Summarization moved from extraction heuristics and sentence-ranking pipelines to general instruction-following models.

Coding moved from autocomplete, templates, snippets, and narrow IDE workflows to general code models that can refactor, debug, translate languages, write tests, and edit across files.

Browser agents are following the same pattern.

A harness creates alpha while models still struggle with long traces, messy browser state, dynamic UI, grounding, and recovery. But if the advantage is only hiding browser complexity from the model, frontier models will absorb it.

Browser harnesses will not disappear. Their pure capability advantage will decay. Their operational advantage can compound.

Early harness specialization improves capability.

Later harness specialization improves cost, latency, reliability, observability, workflow integration, auditability, and UX.

The moat shifts from "we made the model smarter by wrapping it" to "we operate the system better than anyone else."

What This Means for Agent Builders

Do not design one interface for every model.

For weaker planners, compress aggressively. Hide browser mechanics. Expose semantic operations. Keep context short. Move recovery into the actor.

For frontier planners, preserve raw evidence. Give the model inspection tools. Avoid summaries that destroy recoverable state. Let the model decide when it needs detail.

The design rule is simple.

Use compression when the planner is capacity-constrained relative to the task.

Use raw detail when the planner can exploit it.

Use verification when state matters.

This also shapes the moat.

Specialized harnesses create alpha where model capacity has not caught up to the task distribution. That is exploitable now, but the technical moat from harness specialization alone will decay. As frontier models improve, more workflows move from larger than model capacity to within model capacity.

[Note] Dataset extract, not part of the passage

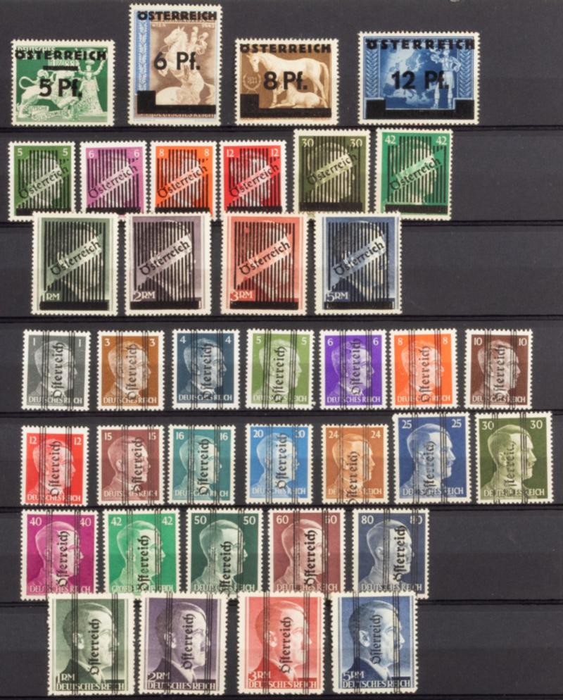 Austria 1945. Provisional overprints on German stamps 3 sets in mint condition. Michel nrs. 664-695 and Va/Vd-B. (Image)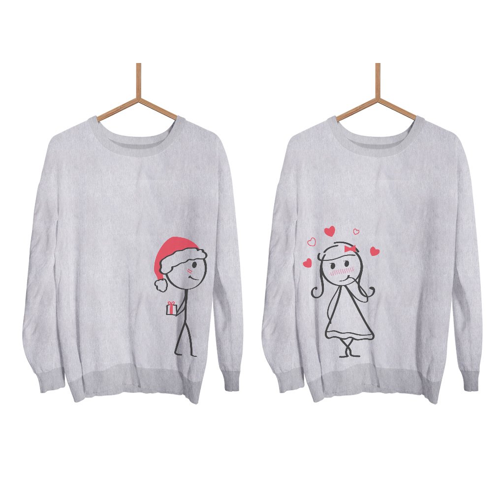 Párové mikiny bez kapuce Cute Buddies Xmas Present (cena za obě mikiny)

When that happens, the same harness can shift from advantage to bottleneck.

If the only advantage is hiding browser complexity from the model, frontier models will eat it.

If the advantage is routing, verification, replay, cost control, latency control, auditability, workflow integration, and product UX, model improvements make the system more valuable.

The harness is the wedge.

The system is the product.

References

Akkil, D., Allaham, M., Raj, A., Abuelsaad, T., and Kokku, R. 2026. Emergence WebVoyager: Toward Consistent and Transparent Evaluation of Web Agents in the Wild. arXiv:2603.29020.
He, H., Yao, W., Ma, K., Yu, W., Dai, Y., Zhang, H., Lan, Z., and Yu, D. 2024. WebVoyager: Building an End-to-End Web Agent with Large Multimodal Models. ACL 2024. arXiv:2401.13919.
Sutton, R. 2019. The Bitter Lesson.
Yang, K., Liu, Y., Chaudhary, S., Fakoor, R., Chaudhari, P., Karypis, G., and Rangwala, H. 2024. AgentOccam: A Simple Yet Strong Baseline for LLM-Based Web Agents. arXiv:2410.13825.
Yao, S., Zhao, J., Yu, D., Du, N., Shafran, I., Narasimhan, K., and Cao, Y. 2022. ReAct: Synergizing Reasoning and Acting in Language Models. ICLR 2023. arXiv:2210.03629.
Yoran, O., Amouyal, S. J., Malaviya, C., Bogin, B., Press, O., and Berant, J. 2024. AssistantBench: Can Web Agents Solve Realistic and Time-Consuming Tasks?. arXiv:2407.15711.
Zheng, B., Gou, B., Kil, J., Sun, H., and Su, Y. 2024. SeeAct: GPT-4V(ision) Is a Generalist Web Agent, If Grounded. ICML 2024. arXiv:2401.01614.
Zhou, S., Xu, F. F., Zhu, H., Zhou, X., Lo, R., Sridhar, A., Cheng, X., Ou, T., Bisk, Y., Fried, D., Alon, U., and Neubig, G. 2023. WebArena: A Realistic Web Environment for Building Autonomous Agents. ICLR 2024. arXiv:2307.13854.